Table 2. DSC melting temperature of PP nanocomposite for different nano-CaCO₃ and MAH wt%.

Concentration (wt%)			Melting Temp (°C)
PP	NCaCO3	MAH
100	0	0	167.22
96	2	2	166.80
93	5	2	166.38
90	8	2	167.50
87	11	2	167.39
100	0	0	167.22
94	2	4	166.77
91	5	4	166.63
88	8	4	167.68
85	11	4	165.18

.

In general, PP nanocomposite results from DSC and NMR demonstrated the addition of a nucleating agent to an unfilled semicrystalline polymer brings about the change of polymer crystallization rate and crystalline structure [26]. However, for the melting point of the nanocomposite, it remained almost the same for all different nanofiller concentrations and MAH contents (Table 2). This could be attributed to stability in the polymer lamellar thickness, which consequently results in thermal stability of the PP nanocomposite stability.

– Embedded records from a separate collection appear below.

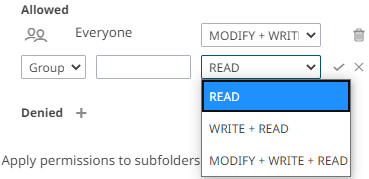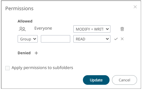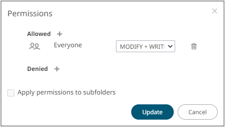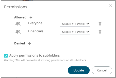 The Apply Permissions to Subfolders check box is only enabled when there is an existing subfolder. |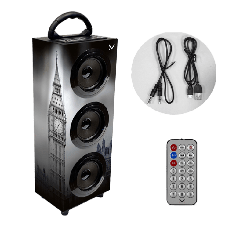 nSISTEMA MULTIMEDIALE WIRELESS AUDIOnn3 ALTOPARLANTI E 1 SUBWOOFERnnParty speaker Wireless audio (AD2P)nn3 altoparlanti e 1 subwoofernnIngresso USB e SD MMC (per la riproduzione di file MP3)nnIngresso AUX da 3,5mm (cavo AUX incluso)nnFunzione EqualizzatorennRegolazione volume e toni bassinnTelecomando in dotazione (batteria inclusa)nnDisplay LED luce rossannBatteria ricaricabile al litio da 2000mAh integrata (caricatore non incluso)nnRicarica batteria tramite cavo USB (cavo in dotazione)nnPeso: 0,900 Kg.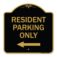 Reserved Parking Sign Resident Parking Only (With Left Arrow) - 18" x 18" Designer Aluminum Sign / Black & Gold is backordered and will ship as soon as it is back in stock.

However, if there are many nucleation sites along the surface, then the resulting spherulite growth is restricted in the lateral direction.

4.2.2. Rheology: Processability

The incorporation of nanofillers in a molten polymer brings a change in the viscoelastic properties, the angular frequency dependence values of shear storage modulus (G′) and shear loss modulus (G″) with complex viscosity (η∗) at the selected conditions are plotted in Figure 5 and Figure 6 for different compatibilizer (MAH) concentrations. The nanofiller at different concentrations had influenced the viscoelastic property of PP nanocomposites, as all prepared nano samples showed less storage modulus and complex viscosity than the blank PP. This is indicate that less energy required for dissipation, considering that elastic behavior of the material under a shorter process of time has a negative effect on its processability and is linked to creep and stress relaxation. Moreover, adding nano CaCO₃ at different MAH wt % showed similar trend at lower frequency region; however, the modulus of nanocomposite samples was lower compared to pure PP, as mentioned earlier.

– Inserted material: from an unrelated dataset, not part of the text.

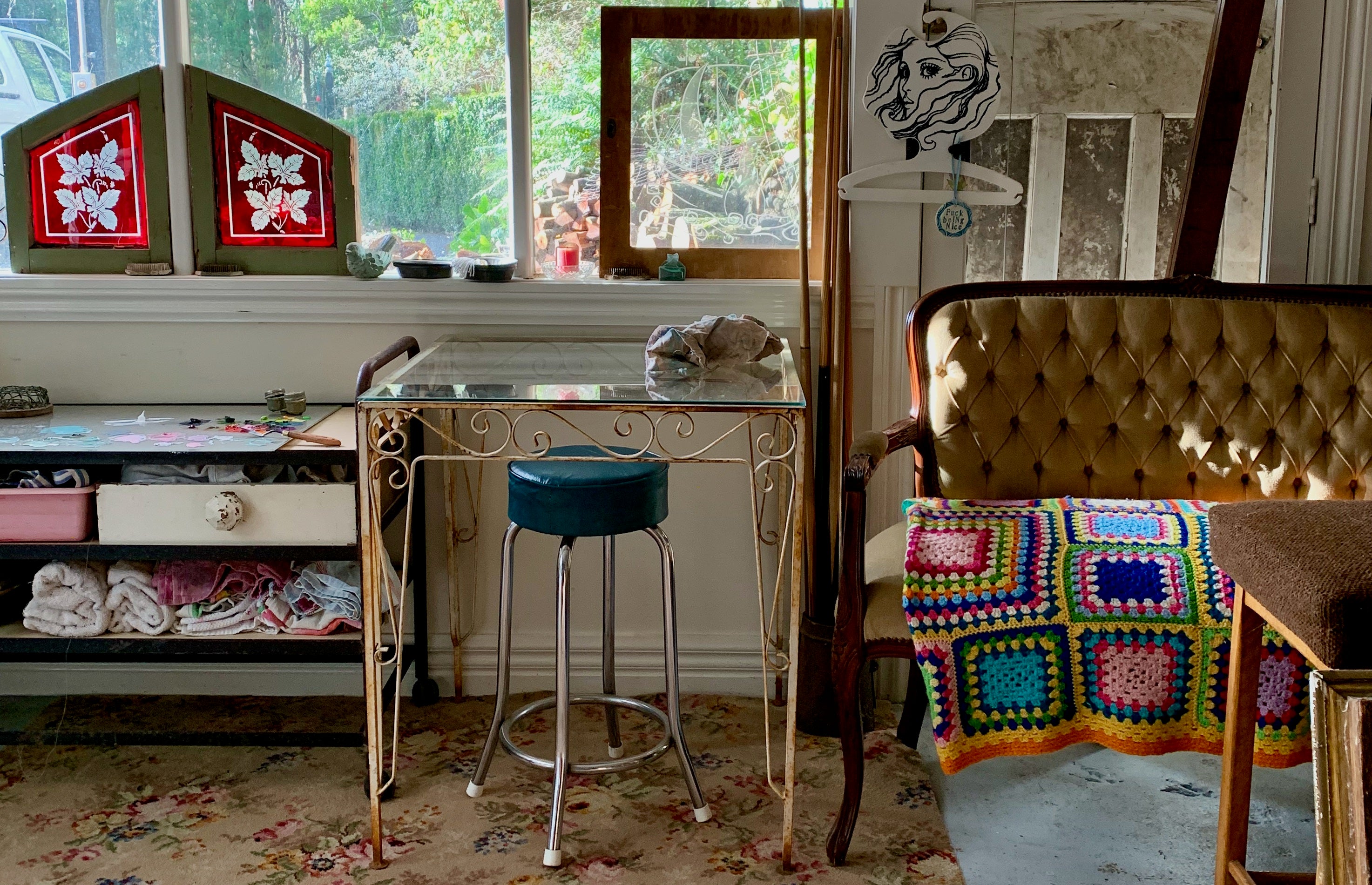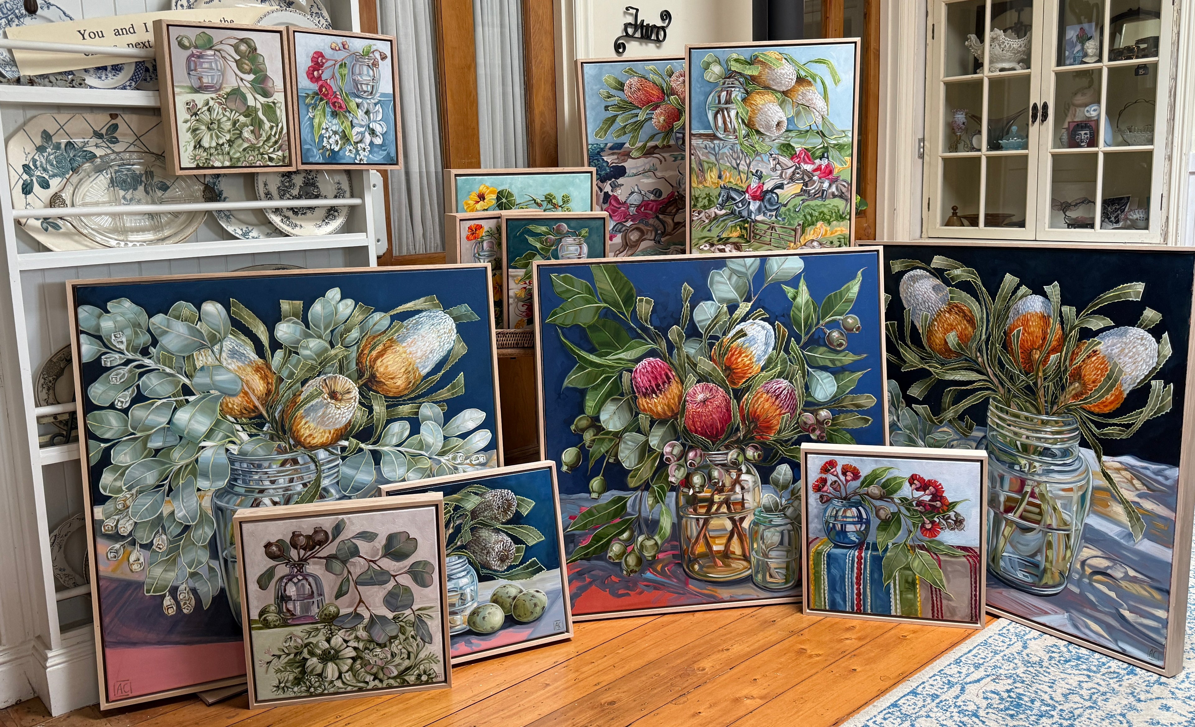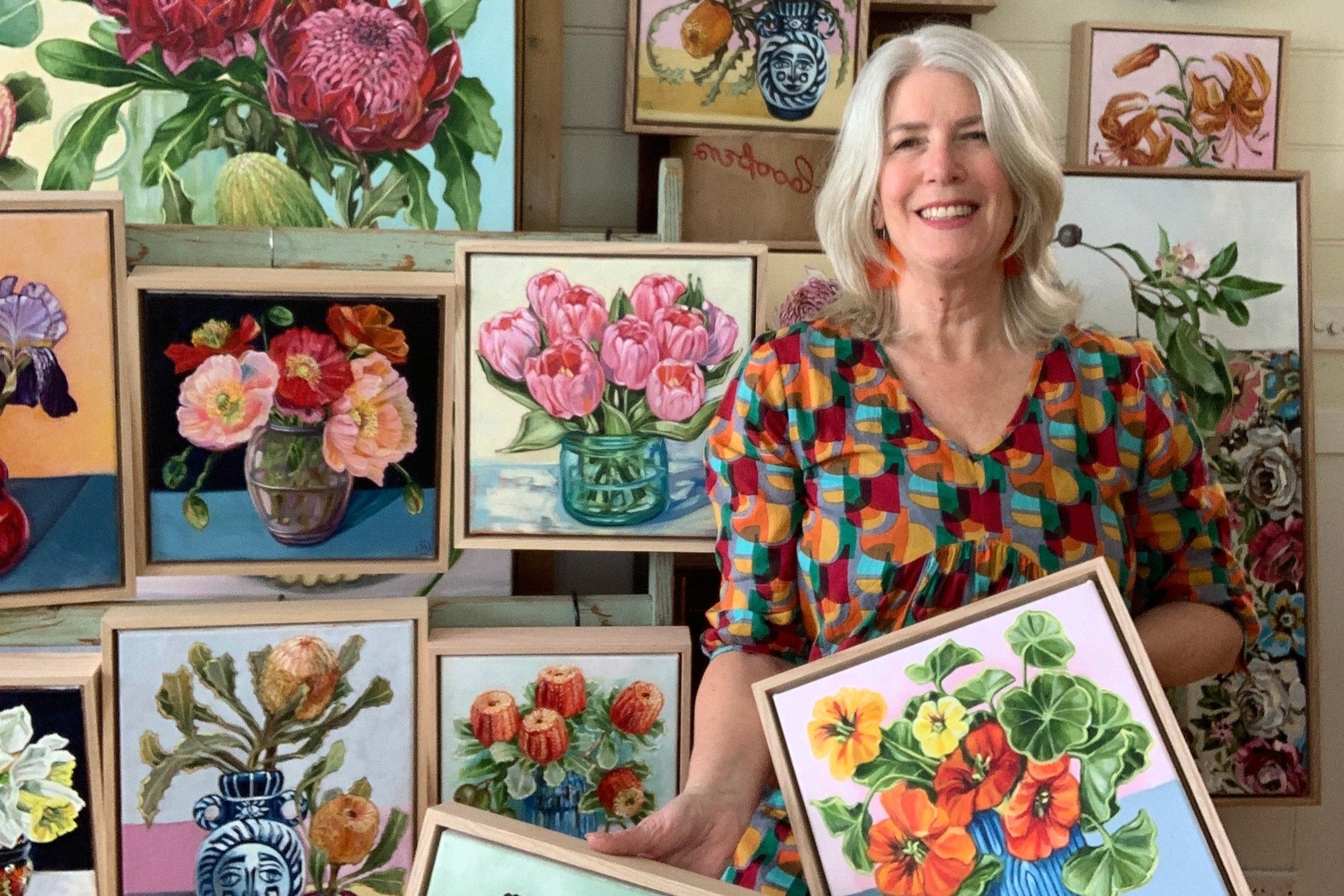 Alicia Cornwell paints in her studio in a 100-year-old home on top of a mountain in Olinda, Victoria, Australia. She is a visual artist painting still lives of her surroundings; the big gardens with the local flora, the vintage treasures she has collected over the years and striking fabrics from the early twentieth century

Correspondingly, it is worth noting that at high frequency, the nanocomposite behaved more as viscoelastic earlier for nano concentration 2 and 5%, for the samples with MAH content of 2%. Conversely, for the samples with high MAH concentration (4%), the values of G′ were very tight for all nano CaCO₃ concentrations, indicating that MAH governs the viscoelastic behavior of the nanocomposite making the concentrations of the nanofiller of a less effect. Thus, for cost-effectiveness, PP with a low volume of nanofiller has the same processability behavior as for the high mixing volume of the nano CaCO₃. The shear-thinning phenomenon states that polymer melts are non-Newtonian fluids and their viscosity decreases with an increase in shear rate. Accordingly, this behavior is considered the most crucial property in polymer processing. In general, samples with low MAH concentration showed better processability behavior with a suitable viscosity complex values at high frequencies and more responsive to the nano content concentration.

5. Conclusions

The study showed that nanofiller could act as nucleating agent and the concentration of the nano-CaCO₃ greatly affected the crystallization rate, crystalline structure and the degree of crystallinity of the semicrystalline polypropylene nanocomposites and consequently modifying the performance of the material. It was also found that the nanofiller particles size impacted the interface of the polymer matrix can reverse the bonding with the amorphous side for the semicrystalline polymer (PP). This finding revealed an enormous potential to be considered in upgrading homo PP by incorporating of nano-CaCO₃, mainly for the purposes that need good chemical resistance characteristics, strength, high stiffness and excellence toughness properties and suitable physical property.